What the heck happened? Is it shrink our bugs or what?


----------



## APBcustoms (Jul 22, 2014)

It's drying I waxed the crap out of it and even plastic rapped and boxed it up to slowly dry it because I heard pepper has to dry slow I had no idea it would do whatever the hell it's doing lol........... Oh and I'm not complaining it was a trade and was beautiful when I got it haha the guy really came through on it a little resin and it'll be great!


----------



## GeauxGameCalls (Jul 22, 2014)



Reactions: Agree 1


----------



## ripjack13 (Jul 23, 2014)

Yikes....


----------



## NYWoodturner (Jul 23, 2014)

Austin - Cast it.

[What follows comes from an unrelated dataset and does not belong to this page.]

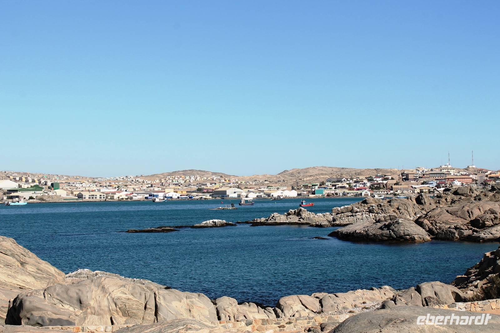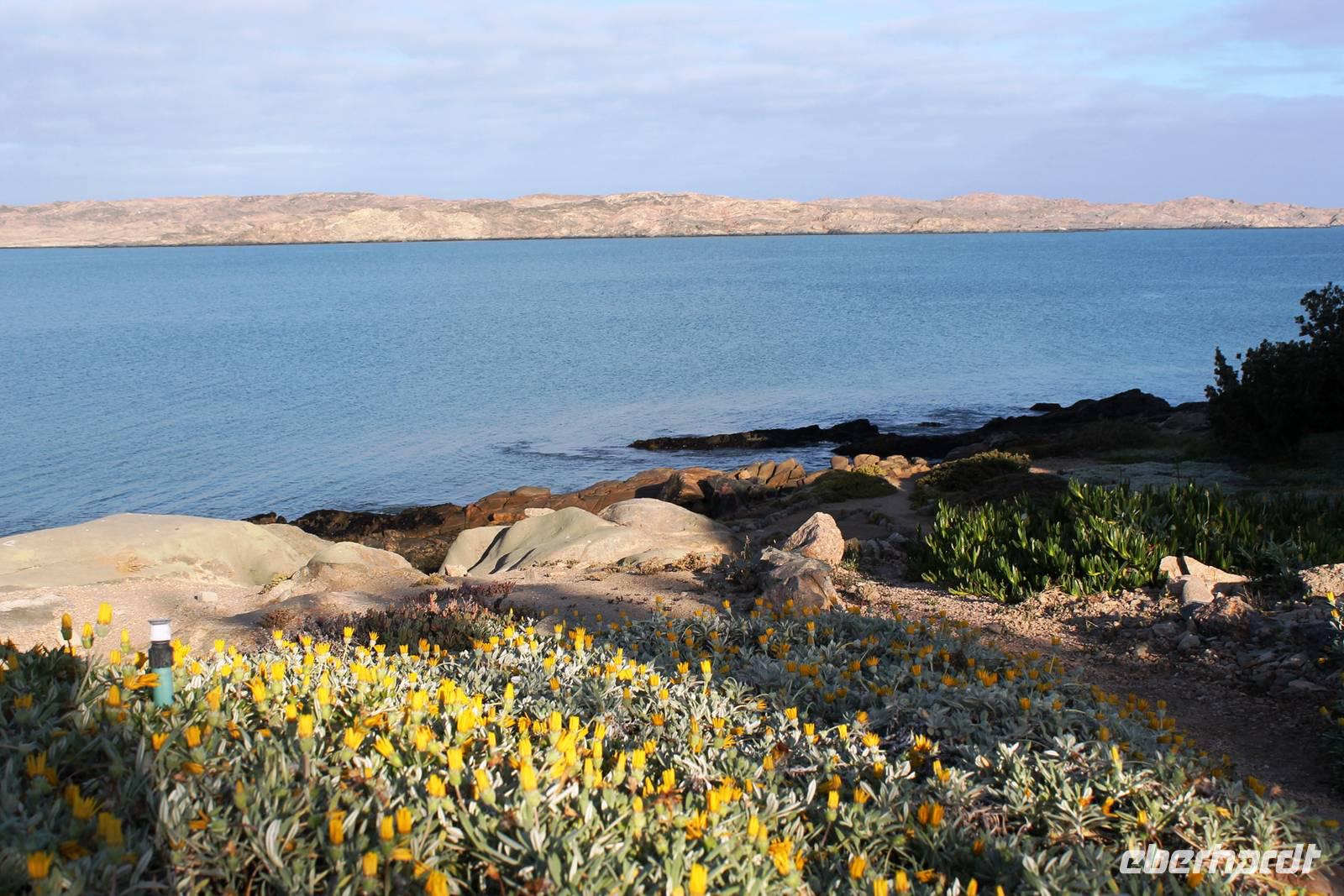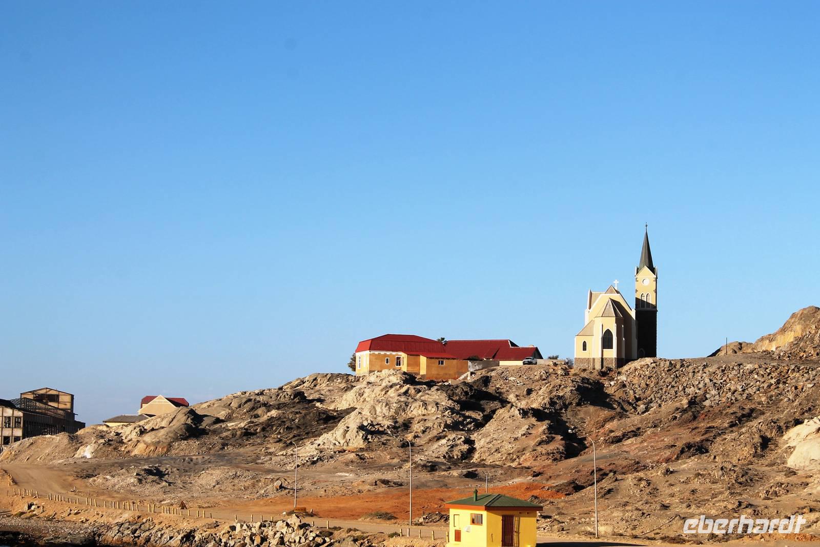 In Lüderitz angekommen unternahmen wir zunächst eine Buchtenrundfahrt, die uns zum Diaz-Point mit dem Diaz-Kreuz führt. Wir fuhren durch eine besonders karge Landschaft, vorbei an Salzfeldern, sahen Flamingos und immer wieder Hinweisschilder: Betreten verboten - Diamentensperrgebiet. Zum Diaz- Kreuz gingen wir über eine wacklige Brücke, die übrigens einige Tage nach uns in sich zusammen brach. An diesem Punkt landete im Jahr 1488 der portugisische Seefahrer Diaz bei seiner Erkundung des Seeweges nach dem Osten. Dem Diaz-Point ist im Meer eine kleine Insel mit einer Robbenkolonie vorgelagert. Bei herrlichstem Wetter, Sonnenschein und angenehmen Temperaturen lassen wir uns den Wind um die Nase wehen und genießen den Aufenthalt am Meer. Anschließend fuhren wir zur Haifisch-Insel nach Lüderitz, wo wir einen wunderbaren Blick auf Lüderitz hatten. Nach einer kleinen Rundfahrt durch das übersichtliche, farbenfrohe Lüderitz besichtigten wir die Felsenkirche, die als eines der Wahrzeichen der Stadt gilt. Das Nest-Hotel befindet sich direkt am Wasser und alle Zimmer haben Meerblick. Wir relaxten noch ein wenig beim Gin & Tonic auf der Terrasse, lauschten dem Meeresrauschen und beobachteten die Sky-Surfer. Da die Touristen in den letzten Jahren weniger wurden, suchte man Neues: Lüderitz gilt heute als Geheimtipp bei den Sky Surfern. Am Abend fuhren wir noch einmal an die Lüderitzer Waterfront, wo wir für das Abendessen im "Ritzis" Plätze reseriert hatten. Obwohl wir etwas länger auf die Speisen warteten, schmeckte es allen hervorragend und wir verlebten einen geselligen Abend, den einige noch an der Bar des Hotels ausklingen liessen.

It will make some amazing casts.

Reactions: Agree 1


----------



## Kevin (Jul 23, 2014)

I already cast mine. Into the trash. 

Not really I sent some to a member who is going to cast it and see what it looks like. Can't wait to see it.


----------



## APBcustoms (Jul 23, 2014)

Kevin said:


> I already cast mine. Into the trash.
> 
> Not really I sent some to a member who is going to cast it and see what it looks like. Can't wait to see it.




Please post a photo so I can see before I go and pay to cast it lol


----------



## Kevin (Jul 23, 2014)

APBcustoms said:


> Please post a photo so I can see before I go and pay to cast it lol



I can't remember who I sent it to . . . .


----------



## APBcustoms (Jul 23, 2014)

Kevin said:


> I can't remember who I sent it to . . . .



Sounds like me haha


----------



## barry richardson (Jul 23, 2014)

Same here, I got some of that, a big slab, it really went south, I cut off an end an got a few pieces out of it that could be good for casting. The remaining piece (about 20"x20") I managed to get flat and it looks pretty cool, but of course lots of voids and cracks. Someday when I get around to it, I plan to try and fill all the cracks with stone and resin and make a table top out of it... More recently, I found a couple of chunks of Califionia Pepper Tree at my tree dump, and it has fared much better drying, but it's not nearly as wild, no spalt, and not a lot of eyes....

Reactions: Like 1


----------